Enbridge Inc. (TSX:ENB)(NYSE:ENB) is a dividend-growth king that’s a core holding for many Canadian investors. With shares falling ~22% from 52-week highs, is it time to be a buyer or a seller as shares continue to pick up negative momentum heading into the holiday season?
Still a great deal of uncertainty
Newly proposed pipeline projects are facing a lot of resistance, and this is probably going to be a headwind that’s going to stick around for the long haul. Management stated that the Line 3 pipeline needs to be replaced, but there has been a tonne of opposition from protesters, so it’s going to be very difficult to for the company to make progress, as it looks for approval across the geographies it runs through.
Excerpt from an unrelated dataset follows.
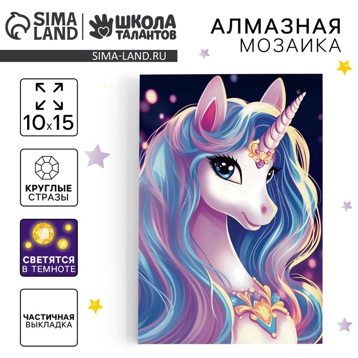 Алмазная мозаика для детей со светящимися стразами «Сказочный единорог», 10 х 15 см, набор для творчества

Construction is already moving forward in Canada, Wisconsin, and North Dakota, but the company’s is still waiting for approval by the state of Minnesota, which is expecting to publicly announce a decision in April 2018.
The Line 3 replacement project is expected to be a huge growth driver once it’s in service in a few years, so should Minnesota announce the approval of the project, I suspect Enbridge shares could start to rally after losing ground over the past few years.
I still believe Enbridge is still completely capable of delivering 10% in annual dividend growth until 2024 should all things go according to plan, but it’s also quite possible that the dividend-growth forecast may be downgraded should management decide to focus its efforts on longer-term investments or to use the cash to chip away at the debt.
Valuation
Shares of Enbridge trade at a 23.49 price-to-earnings multiple, a 1.5 price-to-book multiple, and a 9.6 price-to-cash flow multiple, all of which are lower than the company’s five-year historical average multiples of 65.6, 4.5, and 12.8, respectively. The stock is really cheap, but it will likely continue to face a tonne of volatility in the meantime, as investors’ fear increases due to the cloud of uncertainty following the company.
Bottom line
Enbridge is coming off a Q3 2017 earnings miss, and there are fears over what may happen if Minnesota doesn’t give the green light to one of its critical projects. Enbridge is still a cheap dividend-growth king, but investors shouldn’t panic if the magnitude of dividend growth going forward isn’t as high as it’s been in the past.
For income investors with a stomach for near-term volatility, Enbridge is a terrific buy on the dip. Just make sure you’ve got cash on the sidelines to buy more, since it’s likely the stock could continue its tumble as the dividend yield (currently at 5.31%) inches closer towards the 6% level.
Enbridge is still a shareholder-friendly company whose management team is doing everything it can to keep its promise of delivering a 10-12% annual dividend-growth rate.